2021-12-27 04:20:10 WARNING unit.ceph-radosgw/0.mon-relation-changed logger.go:60 Synchronizing state of radosgw.service with SysV service script with /lib/systemd/systemd-sysv-install.
2021-12-27 04:20:10 WARNING unit.ceph-radosgw/0.mon-relation-changed logger.go:60 Executing: /lib/systemd/systemd-sysv-install disable radosgw
2021-12-27 04:20:11 WARNING unit.ceph-radosgw/0.mon-relation-changed logger.go:60 Unit /etc/systemd/system/radosgw.service is masked, ignoring.
2021-12-27 04:20:12 WARNING unit.ceph-radosgw/0.mon-relation-changed logger.go:60 Created symlink /etc/systemd/system/ceph-radosgw.target.wants/ceph-radosgw@rgw.juju-900ab0-3-lxd-2.service → /lib/systemd/system/ceph-radosgw@.service.

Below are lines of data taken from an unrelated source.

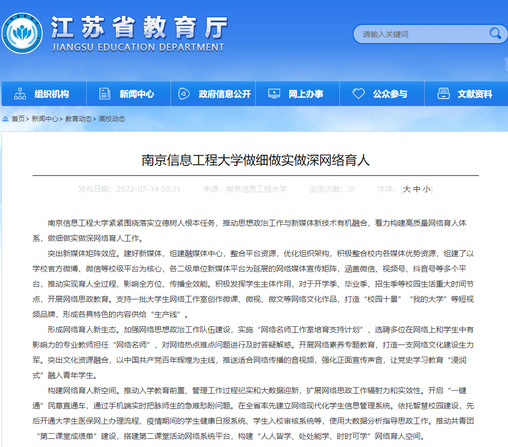 南京信息工程大学紧紧围绕落实立德树人根本任务,推动思想政治工作与新媒体新技术有机融合,着力构建高质量网络育人体系,做细做实做深网络育人工作。
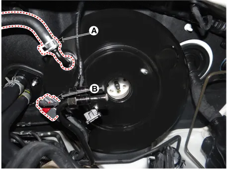 Remove the brake booster after disconnect the vacuum hose (A) and ISG connector (B).
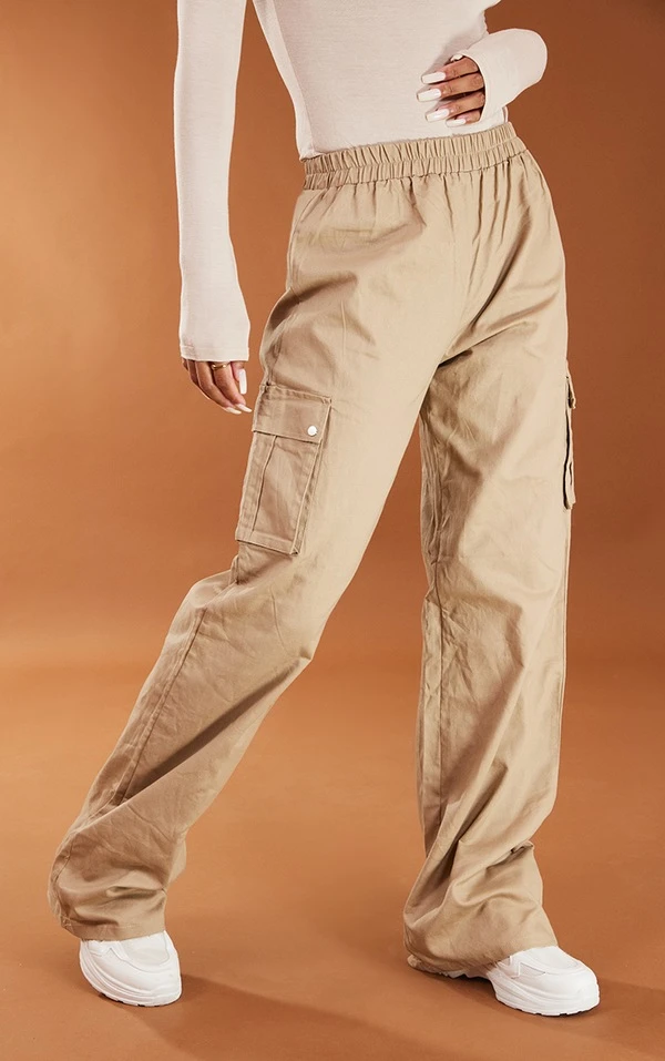 Pantalon cargo large gris pierre Ă taille haute
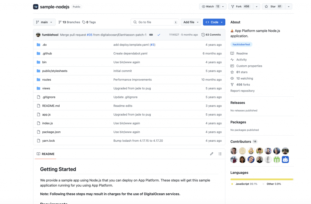你可以按照以下步骤部署 Node.js 示例应用程序,或者使用这个 GitHub 仓库在 App Platform 上创建 Node.js 示例应用程序。
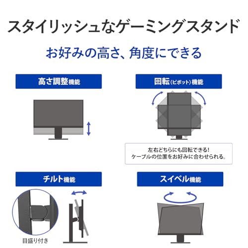 さらに高さ調整や縦横回転が可能なVESA対応スタンドを搭載し、自分のスタイルに合ったポジショニングで作業やゲームを快適に楽しめます。
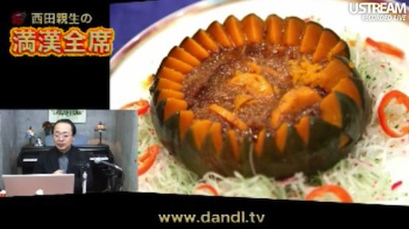 本日午後9時から第3回「西田親生の満漢全席」がライブ放送される。
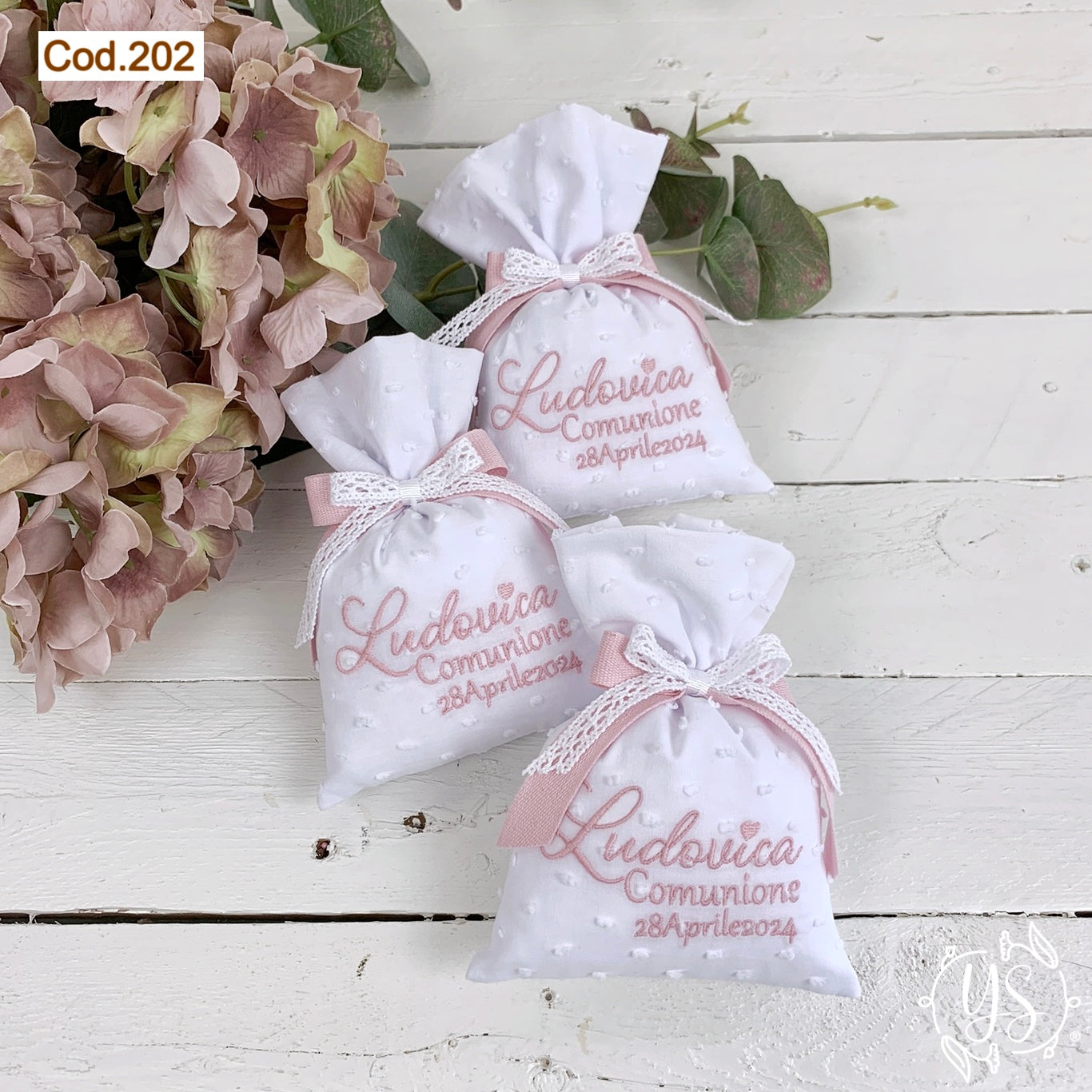 Puoi acquistarlo anche non confezionato (il solo sacchettino ricamato senza imbottitura, confetti, e nastrino).Non confezionata 2,50 € in meno al pezzo.
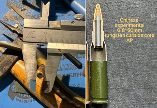 Na internetu se objevila čínská experimentální protipancéřová střela ráže 6,8×50 mm s jádrem z karbidu wolframu. Předpokládá se, že inženýři z Nebeské říše zvažují vývoj zbraně pod nábojnicí ráže 6,8 mm schopné prorazit pancíř zemí NATO.
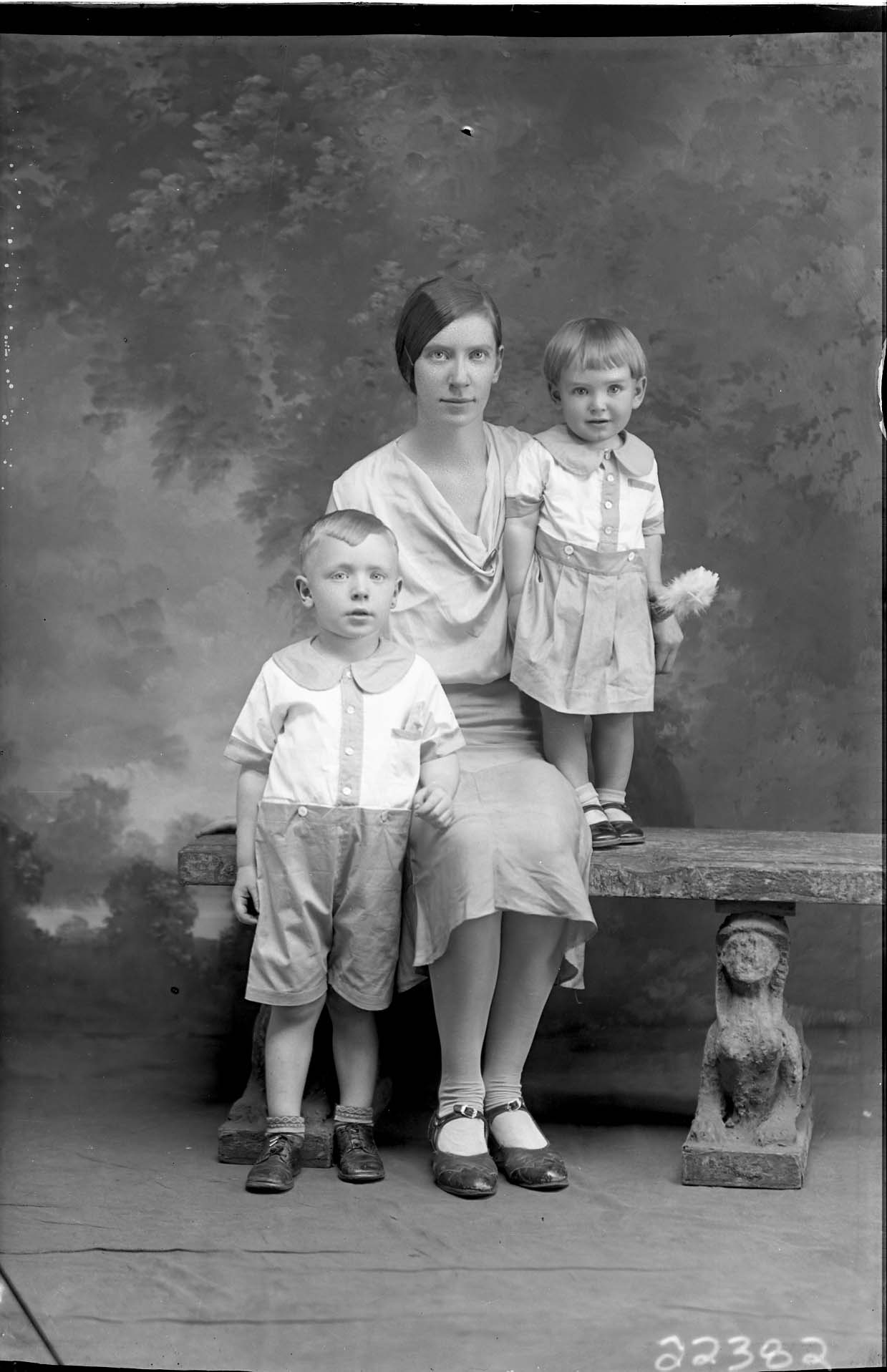 Unidentified woman is seated on a bench with an unidentified child on either side of her.

similar issue[1] like this but fixed in LP:1868387

could you please help to handle this issue?? thank you

[1]Unable to install OpenStack, radoswg stuck in blocked state

1 Like

I am experiencing a similar problem and I feel that haproxy and apache2 are conflicting for the port 80 on the ceph-radosgw unit. Looks like it might be related/similar issue to https://bugs.launchpad.net/charm-ceph-radosgw/+bug/1904411

I am still investigating what’s happening but in my case haproxy is listening on port 80 which makes apache2 unable to start.

Another issue (which is really a source of the problem) is almost empty /etc/ceph/ceph.conf file. I am investigating if radosgw joined mon relations in juju

Solved by using ceph-mon + ceph-osd + ceph-radosgw from the same charm/unit and specifically from:

charm: ch:ceph-mon
channel: quincy/stable